In late 700 the Empress Wu invited Shenxiu to the capital at Luoyang to teach Chan Buddhism. His welcome in 701 was by all accounts quite spectacular. The Annals of the Transmission of the Dharma-treasure describe Shenxiu's path being bedecked with flowers and the master riding on a litter of the type reserved for the imperial family. In an unprecedented gesture, the Empress knelt before the Chan master, touching her forehead to the ground in reverence. The Annals go on to say that “From princes and nobles down, everyone [in the capital] took refuge in him.”

For the last five years of his life, Shenxiu traveled between the two capitals of Luoyang and Chang'an, preaching the Buddhist Dharma before dying at his monastery, Tumen Si, reportedly sitting in meditation, on February 28, 706. The Lengqie Shi Zi Ji (楞伽師資記; Records of the Lankavatara Masters) state that his last words were ch’u-ch’u chiao, which Professor Seizan Yanagida translates as “the teachings of the expedient means have been made direct” The reigning Emperor Zhongzong (705-710) granted the posthumous title Datong Chanshi (大通禪師; Greatly Penetrating Dhyāna Master), only the second time in Chinese Buddhism and the first for three hundred years that this imperial honour had been bestowed.

==Verse contest==
One of the most well-known and cherished legends in Chan is the verse writing contest involving Shenxiu and Huineng at Hongren's monastery. The story can be found in the Platform Sutra of Huineng, but it was almost certainly not an historical event. The account given in the Platform Sutra is as follows:
Hongren, realizing he was coming to the end of his years, instructed his monks to compose a "mind-verse" to demonstrate their level of attainment. The winner of the contest would be named Sixth Patriarch and receive the robe of Bodhidharma. None of the monks dared to write anything, deferring to Shenxiu who they believed would be the rightful Dharma heir.
Shenxiu, full of doubts about his own motivations and with the weight of expectation upon him, chose to write a verse anonymously on a corridor wall in the night. Shenxiu's verse read:
The body is the bodhi tree
The mind is like a bright mirror's stand.
At all times we must strive to polish it
and must not let dust collect.
Publicly, Hongren praised this verse and instructed all his monks to recite it. Privately, Hongren asked Shenxiu to compose another verse as Hongren believed that Shenxiu's verse did not display true understanding of the Dharma. Shenxiu was unable to compose another verse.
Meanwhile, the illiterate Huineng heard the monks chanting this verse and asked about it. When told the story of Hongren's contest, Huineng asked a monk to take him to the wall where Shenxiu's verse was written. There he asked someone to write his own verse. According to a later version of the Platform Sutra (two significant variants exist in older versions), Huineng's verse read
Bodhi originally has no tree.
The bright mirror also has no stand.
Fundamentally there is not a single thing.
Where could dust arise?
The account says that publicly Hongren denigrated this verse but that later, in private, he taught Huineng the true meaning of the Diamond Sutra, thereby awakening Huineng to the sutra's profound teaching. Hongren gave Huineng the robe of transmission and told him to flee the monastery in secret at night. According to the legend, Huineng thereby became the Sixth and last Patriarch of Chan.

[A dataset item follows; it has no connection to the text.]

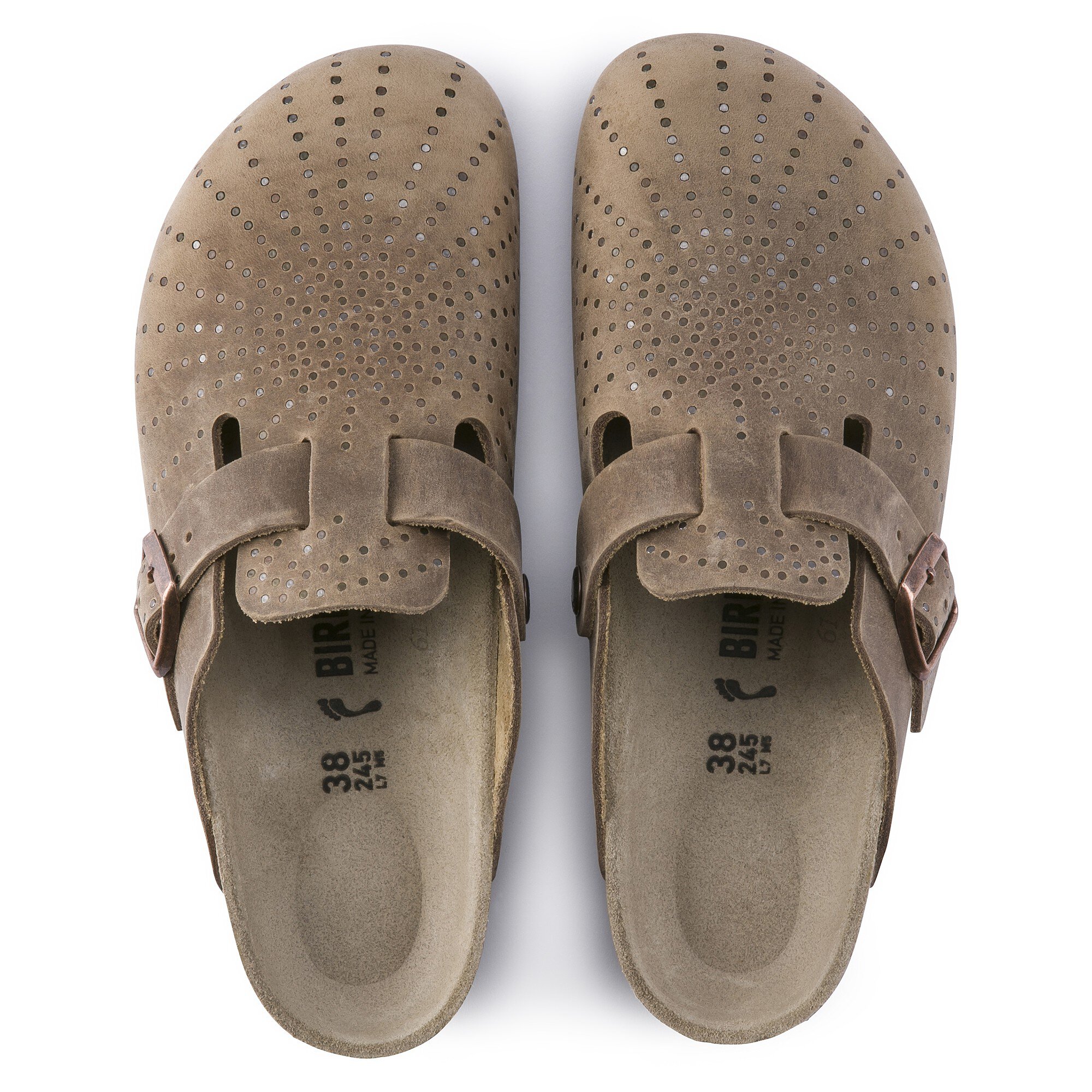 BIRKENSTOCKのクロッグ、Bostonは一年中コンフォートを約束してくれる真の定番です。Crafted-Rivetsコレクションの名のもと、このモデルに使用されているリベットは、革に深く沈まず、また裏側の留め金を使わない製法で固定され、履き心地の良さを更に追求しています。注目の的になること間違いなし。アッパー部分には裁ち端の風合いを生かした厚めの高級オイルドヌバックレザーを使用しています。

Shenhui, a successor of Huineng, publicly criticized Shenxiu and associated him with the "Northern School", a term which Shenhui is thought to have invented. He claimed this "school" taught a "gradualist" (jian jiao 漸教) idea of enlightenment as opposed to Huineng's supposedly superior "sudden" (dun jiao 頓教) teaching. However, although a substantial amount of Shenhui's polemics survive, he is never recorded as mentioning this verse contest, which he presumably would have done in order to bolster the case for his descent from the superior Huineng. For this reason, in part, scholars doubt the historicity of the verse contest. Instead, it is thought that the Platform Sutra was composed by the Oxhead school in an attempt to reconcile the artificial split between the so-called Northern and Southern Schools. According to the Buddhologist John McRae, the two verses were likely intended to complement one another and speak of two sides of one practice. Further, Shenxiu's verse does not explicitly suggest gradualism, but rather alludes to a need for constant, unending practice. Whatever the case may be, historically speaking it is clear that Shenxiu was a far more respected and prominent teacher than the virtually unknown Huineng, who only became famous through later hagiography, including the Platform Sutra.

==Teachings==
Although Shenxiu was labeled a teacher of the “Northern School” (Beizong 北宗) of Chan in subsequent histories of Chan, he saw himself as teaching in the “East Mountain” (Dongshan 東山) tradition of Hongren. The “Northern School” appellation was applied in the early 730s by the monk Shenhui who accused Shenxiu of teaching a “gradualist” approach to Chan Buddhism.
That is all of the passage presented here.